(Task prompt) Would you reproduce every record exactly, leaving out the pictures?

[[ The data open ]]

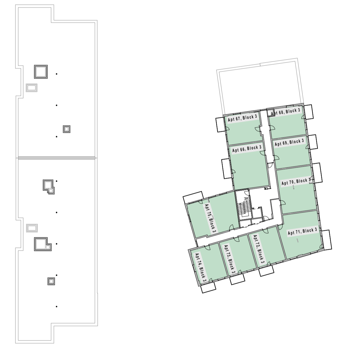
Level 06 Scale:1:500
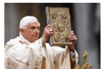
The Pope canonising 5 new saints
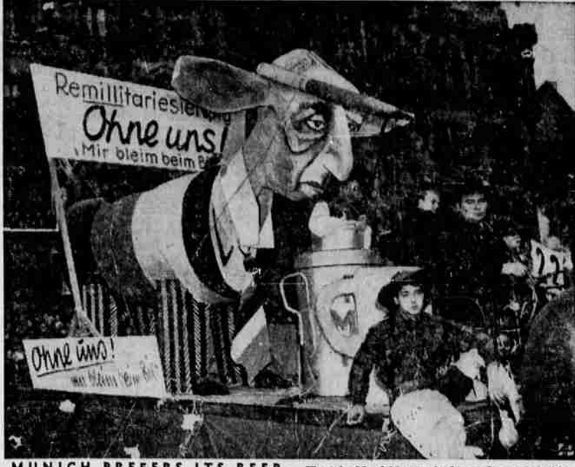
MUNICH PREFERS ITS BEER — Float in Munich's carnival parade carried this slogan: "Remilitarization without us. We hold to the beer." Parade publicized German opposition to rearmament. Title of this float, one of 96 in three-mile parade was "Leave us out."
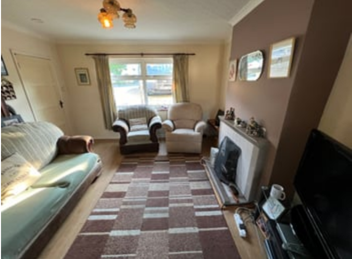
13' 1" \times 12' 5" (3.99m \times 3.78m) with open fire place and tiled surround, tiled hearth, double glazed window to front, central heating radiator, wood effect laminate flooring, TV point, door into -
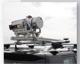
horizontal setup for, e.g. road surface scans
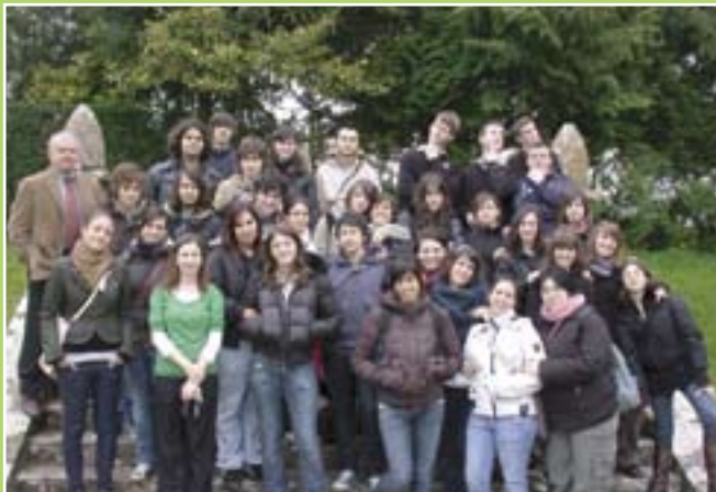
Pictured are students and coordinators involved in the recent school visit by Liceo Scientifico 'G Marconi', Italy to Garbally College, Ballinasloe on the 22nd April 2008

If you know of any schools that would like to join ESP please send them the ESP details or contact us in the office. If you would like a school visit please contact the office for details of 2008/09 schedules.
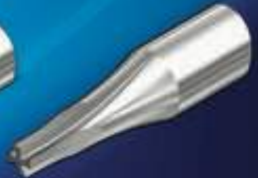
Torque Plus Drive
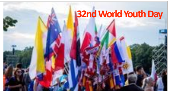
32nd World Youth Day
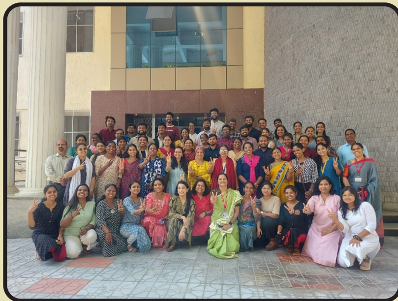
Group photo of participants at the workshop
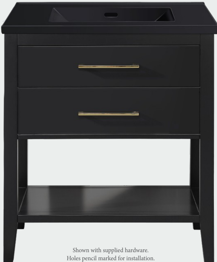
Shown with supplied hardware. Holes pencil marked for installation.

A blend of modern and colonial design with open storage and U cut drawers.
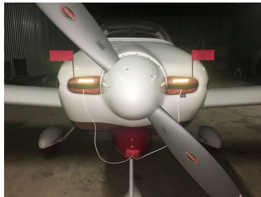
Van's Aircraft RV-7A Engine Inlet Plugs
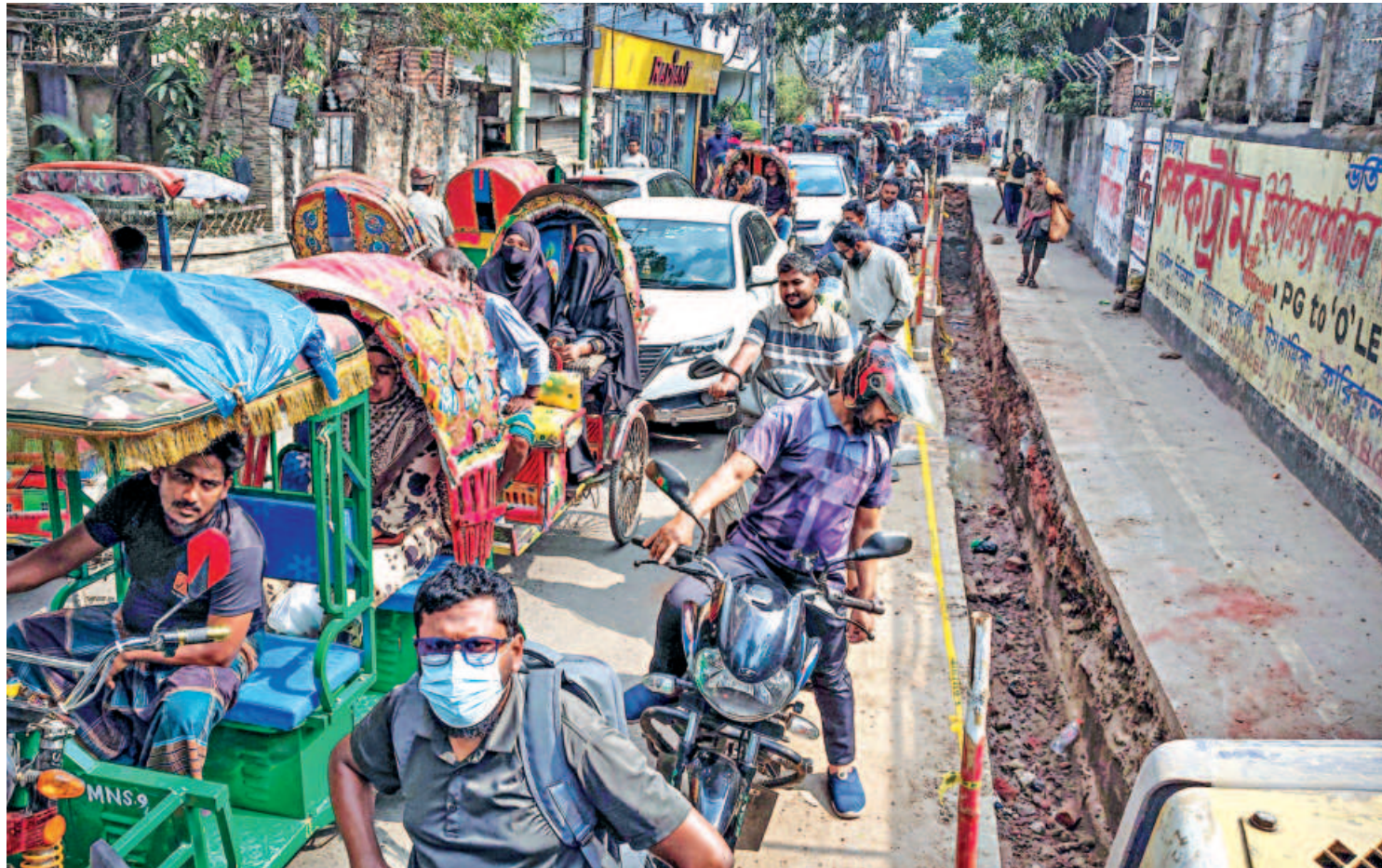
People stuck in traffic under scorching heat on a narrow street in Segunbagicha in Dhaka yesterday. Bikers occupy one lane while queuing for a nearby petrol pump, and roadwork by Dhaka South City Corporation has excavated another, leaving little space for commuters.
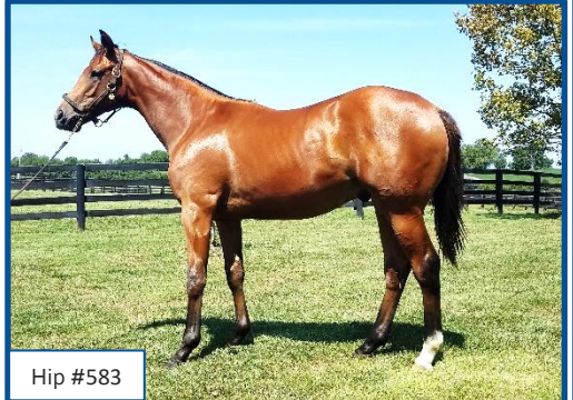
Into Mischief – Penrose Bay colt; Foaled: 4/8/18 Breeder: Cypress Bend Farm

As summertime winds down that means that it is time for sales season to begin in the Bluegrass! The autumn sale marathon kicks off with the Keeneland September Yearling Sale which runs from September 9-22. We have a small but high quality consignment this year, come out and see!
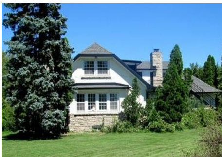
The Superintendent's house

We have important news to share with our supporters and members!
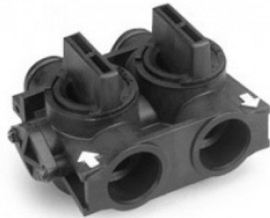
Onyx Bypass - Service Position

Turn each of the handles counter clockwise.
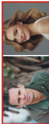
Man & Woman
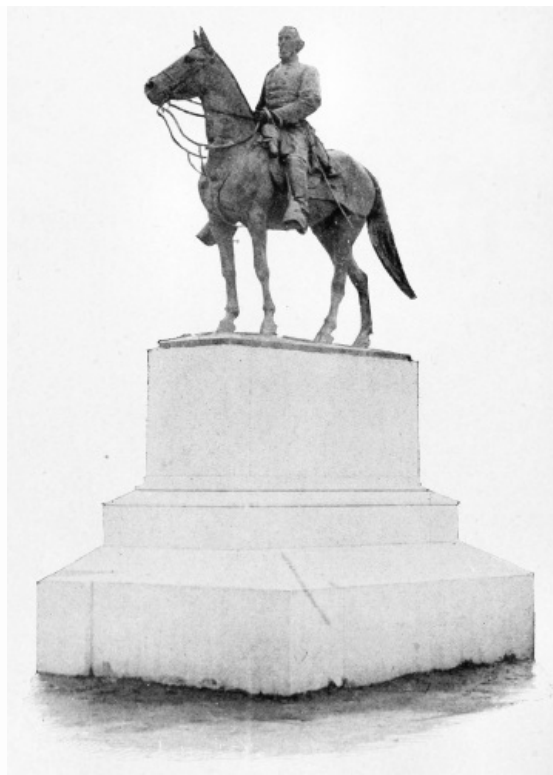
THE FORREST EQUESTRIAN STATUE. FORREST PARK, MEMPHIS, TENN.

[[ The data closed ]]

(Result below)
Level 06 Scale:1:500
The Pope canonising 5 new saints
MUNICH PREFERS ITS BEER — Float in Munich's carnival parade carried this slogan: "Remilitarization without us. We hold to the beer." Parade publicized German opposition to rearmament. Title of this float, one of 96 in three-mile parade was "Leave us out."
13' 1" \times 12' 5" (3.99m \times 3.78m) with open fire place and tiled surround, tiled hearth, double glazed window to front, central heating radiator, wood effect laminate flooring, TV point, door into -
horizontal setup for, e.g. road surface scans
Pictured are students and coordinators involved in the recent school visit by Liceo Scientifico 'G Marconi', Italy to Garbally College, Ballinasloe on the 22nd April 2008

If you know of any schools that would like to join ESP please send them the ESP details or contact us in the office. If you would like a school visit please contact the office for details of 2008/09 schedules.
Torque Plus Drive
32nd World Youth Day
Group photo of participants at the workshop
Shown with supplied hardware. Holes pencil marked for installation.

A blend of modern and colonial design with open storage and U cut drawers.
Van's Aircraft RV-7A Engine Inlet Plugs
People stuck in traffic under scorching heat on a narrow street in Segunbagicha in Dhaka yesterday. Bikers occupy one lane while queuing for a nearby petrol pump, and roadwork by Dhaka South City Corporation has excavated another, leaving little space for commuters.
Into Mischief – Penrose Bay colt; Foaled: 4/8/18 Breeder: Cypress Bend Farm

As summertime winds down that means that it is time for sales season to begin in the Bluegrass! The autumn sale marathon kicks off with the Keeneland September Yearling Sale which runs from September 9-22. We have a small but high quality consignment this year, come out and see!
The Superintendent's house

We have important news to share with our supporters and members!
Onyx Bypass - Service Position

Turn each of the handles counter clockwise.
Man & Woman
THE FORREST EQUESTRIAN STATUE. FORREST PARK, MEMPHIS, TENN.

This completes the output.